Dicen por ahí que lo que mal empieza mal acaba y parece aplicarse a lo que vive en estos días Carlota Casiraghi, luego de su ruptura definitiva con el productor de cine Dimitri Rassam.

No importó siquiera que hace menos de tres meses recibieron a su primer hijo en común, Balthazar, quien crecerá sin ver a sus padres juntos.

Carlota Casiraghi a su llegada al Museo Nacional Thyssen-Bornemisza.

¿Y por qué hablamos de lo que comenzó mal? Veamos.

Hace unos años la hija consentida de Carolina de Mónaco dejó a Gad Elmaleh, su pareja estable en aquel entonces y padre de su hijo Raphäel, para echarse en brazos del cineasta italiano Lamberto Sanfelice, a quien poco después sustituyó por Dimitri.

Entonces se supo que el nuevo novio era hijo de Carole Bouquet, amiga íntima de la princesa Carolina de Mónaco, y que estaba en trámites de separación de la modelo Masha Noselova, con quien había procreado una niña.

Más allá de su imponente físico Dimitri no tenía mucho que ver con un príncipe, pero sí tenía fama de ser un hombre responsable con ingresos suficientes para mantenerse y no ser una carga para Carlota.

Todo pareció ir viento en popa en los meses siguientes y a principios del año pasado nos enteramos que la pareja ya vivía junta y, lo mejor, ya estaba esperando a su primer hijo en común.

Poco después el Palacio Real de Mónaco confirmó el compromiso matrimonial y anunció que la boda se realizaría «en el verano» en la paradisiaca isla de Pantelleria.
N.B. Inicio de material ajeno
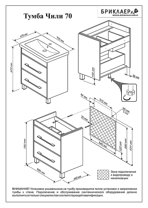 Тумба БРИКЛАЕР Чили 70 выполнена в современном минималистичном стиле. Благодаря компактным размерам и функциональности мебель станет украшением любой ванной комнаты. Модель оснащена 2 вместительными выдвижными ящиками для хранения ванных принадлежностей. Корпус и фасад мебели выполнены из ламинированной влагостойкой ЛДСП, фурнитура - из пластика. Может использоваться в комплекте с раковиной Como 70 или Фостер 70. В комплект поставки входят 2 ручки и 3 пластиковые опоры (декоративные спереди и поддерживающая сзади). Особенности: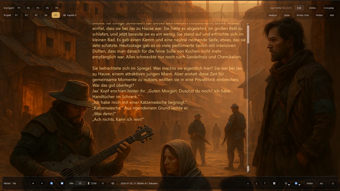 … die letzten Tage mein nicht käuflich erhältliches „Rohschriftschreibprogramm“ soweit optimiert, dass es „immer“ wie Schreibfokus aussieht, aber alle Funktionen schnell per Glaspanel einblenden kann (hier ausgeblendet) ![]()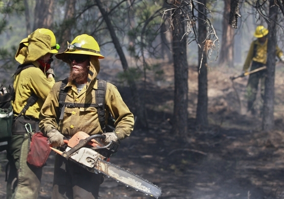 Americkí dobrovoľníci bojujú s obrovským požiarom, ktorý zachvátil Čierny les v Colorade. Súčasný požiar spôsobil najväčšie škody v histórii tohto amerického štátu. Foto: SITA/AP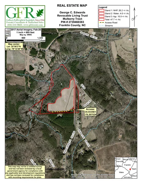 47.7 +/- acre parcel containing 26.2+/- acres of natural hardwood-pine forestland and 16.9 +/- acres of agriculture in Franklin County, NC.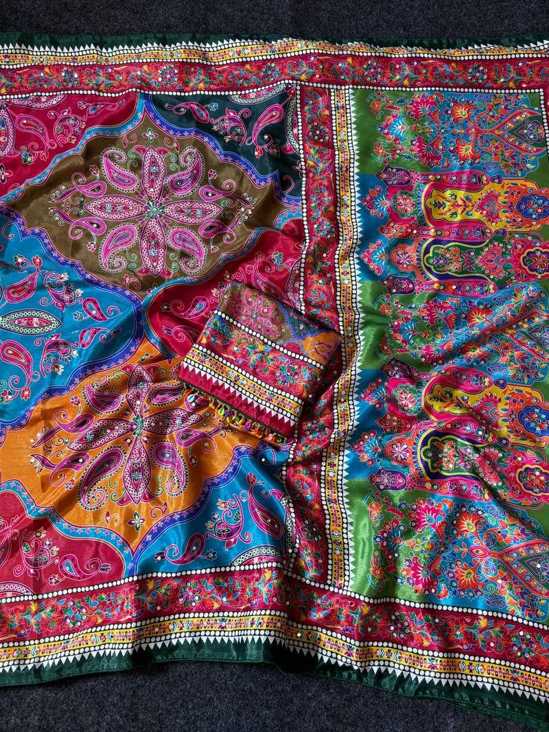 | Product Description | Fabric: Roman Silk With Ajarakh Print And All Saree Real Mirror Work And Piping Saree Border Blouse: Roman Silk With Ajarakh Print With Real Mirror In Blouse |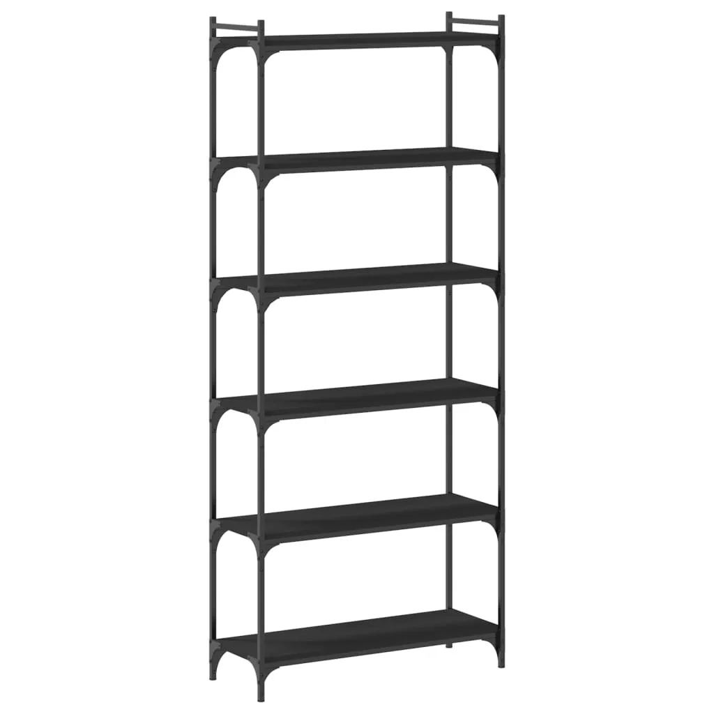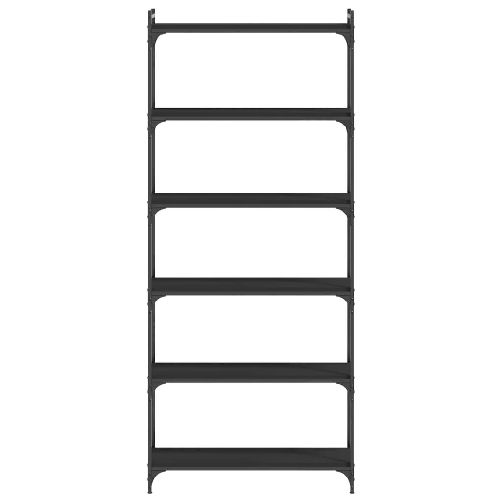 6 szintes fekete szerelt fa könyvespolc 80 x 30 x 188 cm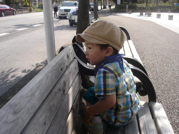 しきりに、バスを指差して「ばぁ!ばぁ」と言っていました。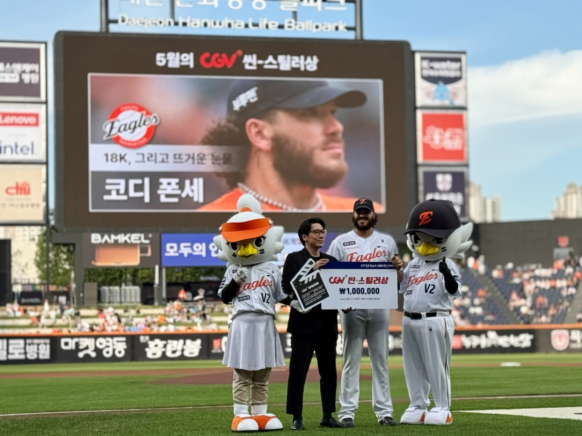 KBO와 CGV는 전날(11일) 대전 한화생명 볼파크에서 경기 전 시상식을 진행했다. CGV ICECON사업팀 김진호 팀장이 참석, 수상자인 폰세에게 상금 100만원을 비롯해 CGV 씨네드쉐프 무비&다이닝 패키지를 부상으로 수여했다.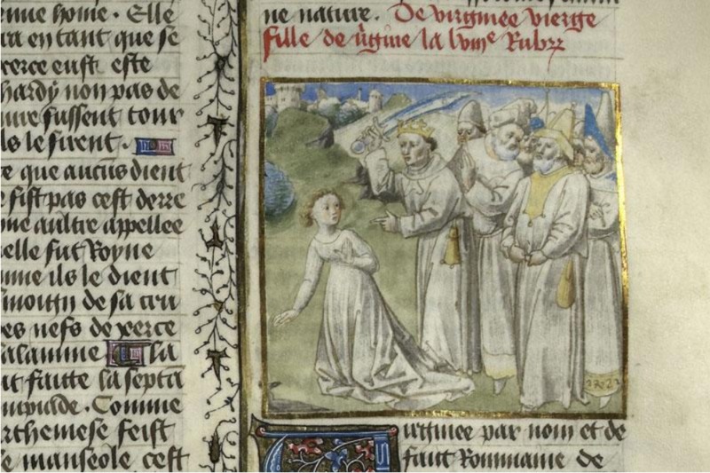 Bruxelles, Koninklijke Bibliotheek van België, 9509, f. 137r. Paolina, raccolta in preghiera dinanzi a un altare, viene corteggiata dal sacerdote Mondo.

Pero Rassam no logró un acuerdo de divorcio con su ex y el enlace con Carlota se pospuso indefinidamente, hasta que se supo que ya no tendrá lugar.

Después de este nuevo fracaso amoroso de Carlota, ha crecido el número de tabloides que la compara con su tía la princesa Estefanía, quien también ha tenido muy poca fortuna en el amor.

Pero, para ventura de esta princesa del jetset, ella tiene apenas 32 años y mucho futuro por delante. Eso sí, con la responsabilidad de dos hijos a quienes ama profundamente.